Sunday, October 17, 2010

Acorn Squash Salad with Orange Vinaigrette

It is officially October. This is the season for football, scarves and leather boots. Another reason to love autumn?  Squash is starting to make an appearance at your local greenmarket, grocery store or neighborhood bodega. Acorn squash (which will cost under $1.00 in most cases) is easy to make but can get a bit boring if you make it the same time each way. The recipe I'm posting today should help you change up the old squash and butter routine (or introduce you to acorn squash, as the case may be). I learned this recipe while working at a dessert lounge one day, from my manager at the time. It is rumored to have been the saving grace of a restaurant on the brink of bankruptcy. After trying the salad, I believed the story.
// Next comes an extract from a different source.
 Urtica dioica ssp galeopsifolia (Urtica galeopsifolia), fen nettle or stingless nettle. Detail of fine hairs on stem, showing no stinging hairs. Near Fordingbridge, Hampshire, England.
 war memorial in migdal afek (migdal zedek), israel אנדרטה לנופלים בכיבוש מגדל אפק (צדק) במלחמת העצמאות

I hope you'll enjoy the crispy squash and refreshing citrus flavors it as much as I do.

Acorn Squash Salad with Orange Vinaigrette
Alexandra Rogers 

1 acorn squash, cut into 1/2" pieces
2 Tablespoons of olive oil
1/2 teaspoon salt
1/4 teaspoon pepper
1/2 teaspoon ground cumin
a dash of cayenne
1/4 cup pistachios or pine nuts (lightly toasted)
4 cups of mixed baby greens

{Orange Vinaigrette}
1/3 cup orange juice
1 tablespoon Dijon mustard
1/4 cup olive or vegetable oil, or a combination
salt and freshly ground black pepper

Preheat oven to  350ºF.

Mix the cut up acorn squash, olive oil and spices together in a bowl. Lightly coat all squash pieces and place in a baking pan in one layer (make sure to use a baking pan with edges that prevent the oil from spilling out into the oven during the baking process). Cook for 25 minutes until the squash is easily pierced with a fork. Turn oven from bake to broil and broil squash pieces for about 3 minutes per side, or until the pieces are browned and crispy. Remove squash pieces from oven and lay out on a paper towel lined baking sheet or plate to soak up any extra oil.

Lightly toast pine nuts or pistachio nuts in a small pan on medium heat for about 4-5 minutes. Do not use any oil.
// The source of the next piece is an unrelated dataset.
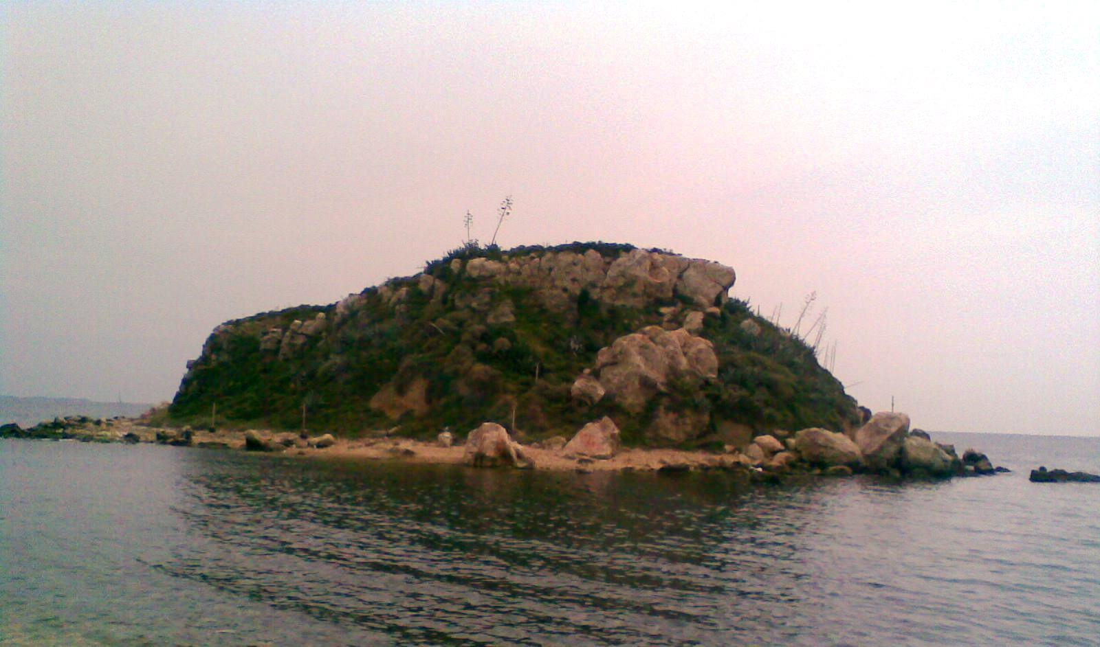 View of Koumoundouros isle from east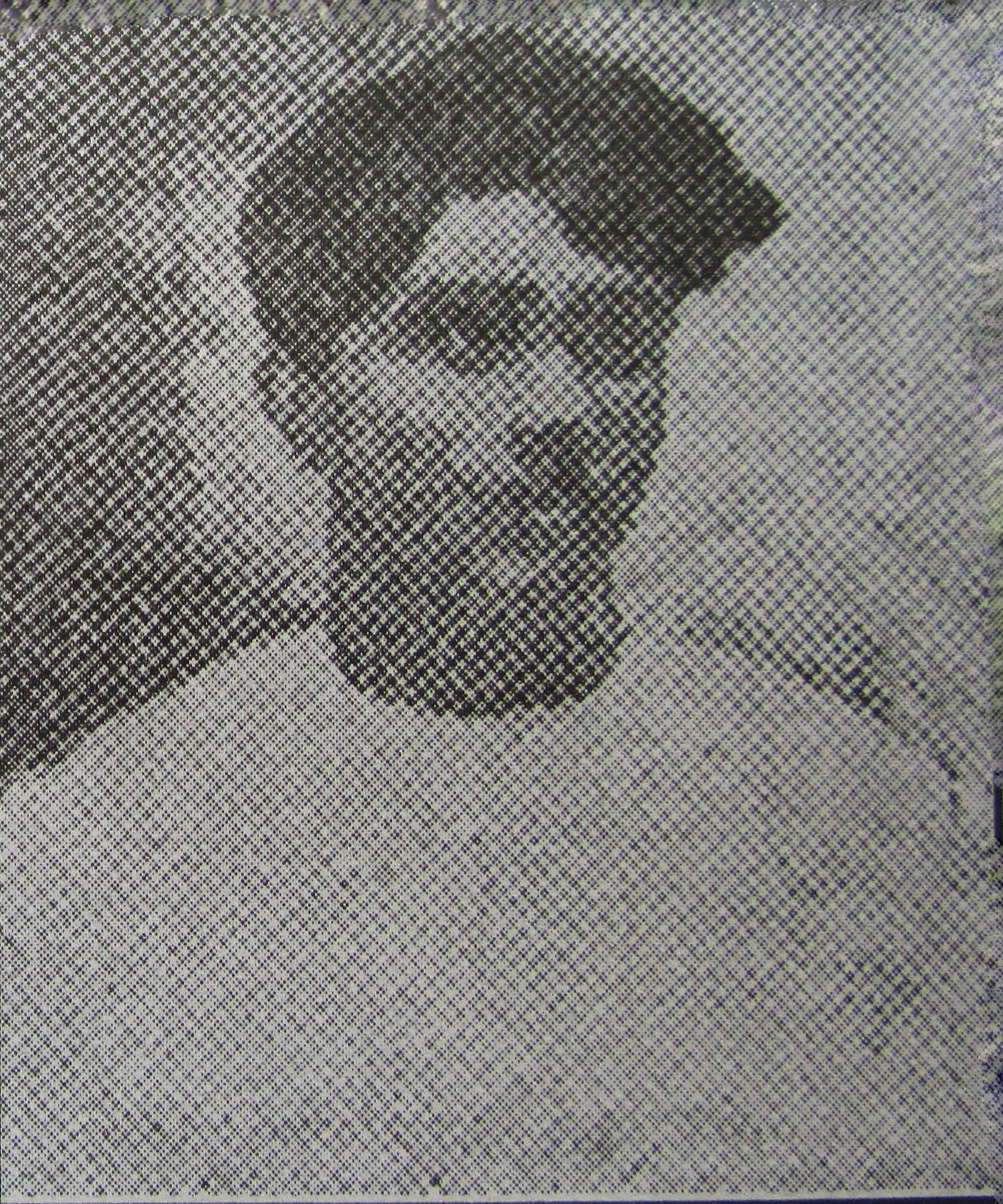 Provaschandra Bal

In a serving dish, layer washed and dried mixed baby greens, squash pieces and toasted pistachios (or pine nuts). Serve with Orange Vinaigrette or simply squeeze an orange's juice over the salad. 

{Orange Vinaigrette}
Combine all ingredients in a jar or Tupperware container and shake vigorously. Use as much as you like (I prefer a light amount of dressing, to start) to top the acorn squash salad.


  1. I think this recipe looks incredible. I will totall try it when I have a chance. I am making a food blog myself and as soon as i get it going I will let you know:)
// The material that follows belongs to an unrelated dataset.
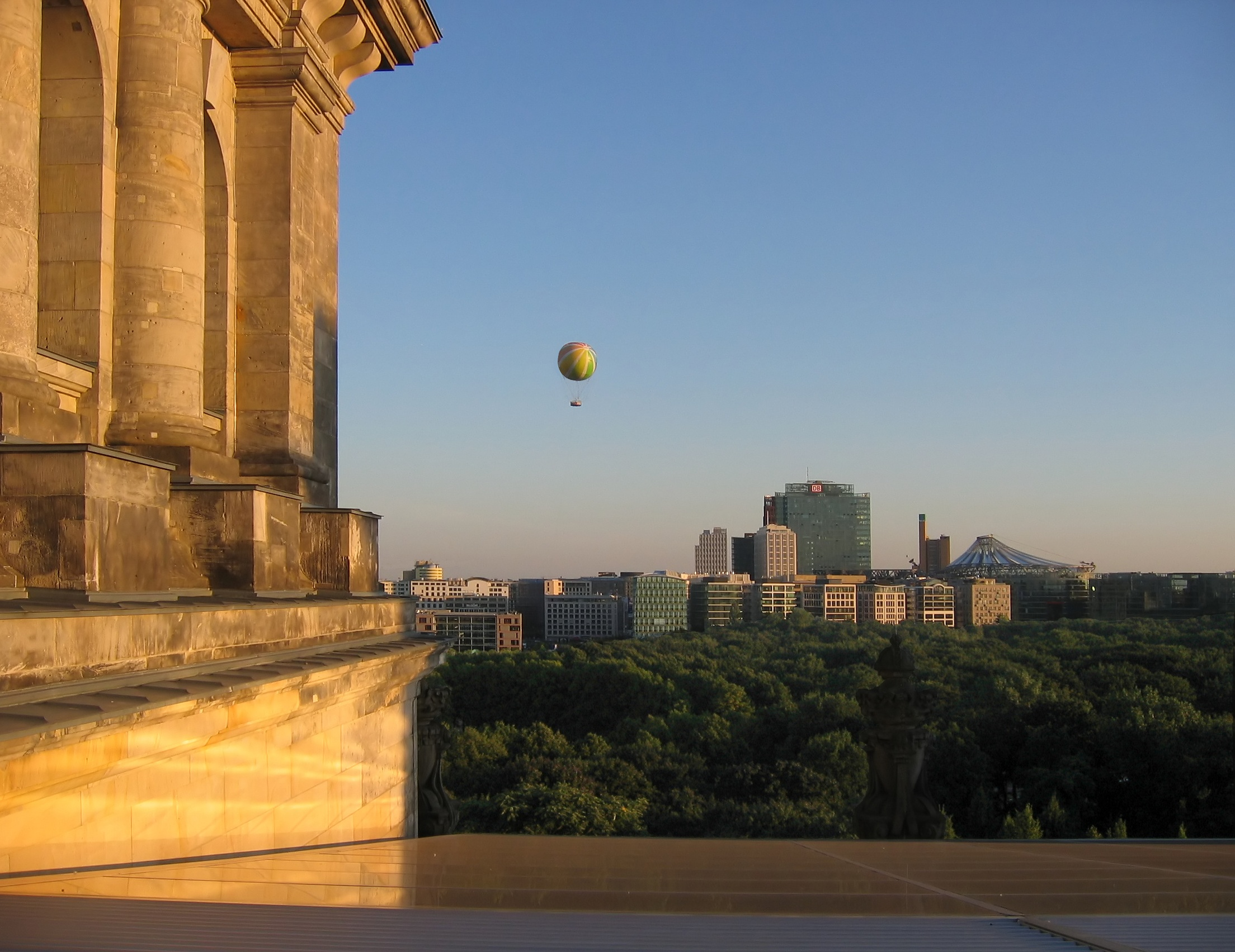 View south from the roof of the Reichstag towards Potsdamer Platz.

  2. This salad sounds fabulous! I've usually got all the ingredients on hand on a regular basis during the fall so I'll definitely be trying this one out!

  3. Thank you, Peggy! This weekend I'm going to experiment with it a bit, to figure out how to make the squash pieces a little crisper on the outside--I'll definitely update the recipe with my findings. Thanks for reading!

  4. I've decided--using butternut squash for this would not be bad--easier to peel and just as tasty.